Las bodas de Caná, primero de los signos hechos por Jesús a ruegos de su Madre, es la más clara prefigura del Reino de María. En éste surgirá, cual vino nuevo, una sociedad admirablemente superior a todo lo que podamos imaginar. Para utilizar una bella metáfora del Dr. Plinio, será como “un lirio nacido en el lodo, durante la noche y bajo la tempestad”,11 también a ruegos de Aquella que es la Reina del Cielo y de la tierra.

 


 

1 SOR LUCÍA. Memórias I. Quarta Memória, c. II, n.º 5. 13.ª ed. Fátima: Secretariado dos Pastorinhos, 2007, p. 177.

2 SAN LUIS MARÍA GRIGNION DE MONTFORT. Traité de la vraie dévotion à la Sainte Vierge, n.º 1. In: OEuvres Complètes. Paris: Du Seuil, 1966, p. 487.

3 Ídem, n.º 217, p. 634.

4 Ídem, pp. 634-635.

5 Ídem, p. 635.

6 SAN LUIS MARÍA GRIGNION DE MONTFORT. Prière Embrasée, n.º 16. In: OEuvres Complètes, op. cit., p. 681.

7 LEÓN XIII. Immortale Dei, n.º 9. 8 El Obispo de Hipona define con una precisión única los dos caminos que el hombre puede seguir en esta vida.

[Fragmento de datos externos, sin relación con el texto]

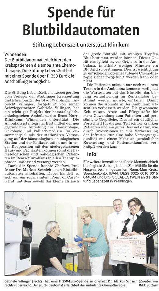 Spende für Blutbildautomaten

El primero parece que ha llegado a su paroxismo en nuestros días y el otro prenuncia el Reino de María del que estamos hablando: “Dos amores fundaron, pues, dos ciudades, a saber: el amor propio hasta el desprecio de Dios, la terrena, y el amor de Dios hasta el desprecio de sí propio, la celestial” (SAN AGUSTÍN. De Civitate Dei. L. XIV, c. 28. In: Obras. Madrid: BAC, 1958, v. XVII, p. 985).

9 SAN BERNARDO DE CLARAVAL. En la Asunción de Santa María. Sermón primero, n.º 2. In: Obras completas. 2.ª ed. Madrid: BAC, 2006, v. IV, p. 339.

10 Merece la pena recordar aquí la aparición del 13 de junio en la que la Virgen Santísima revela: “[Jesús] quiere establecer en el mundo la devoción a mi Inmaculado Corazón. A quien la abrazare, le prometo la salvación; y estas almas serán amadas por Dios, como flores puestas por mí para adornar su trono” (SOR LUCÍA, op. cit., n.º 4, p. 175). 11 CORRÊA DE OLIVEIRA, Plinio. Conferencia. São Paulo, 30/7/1972.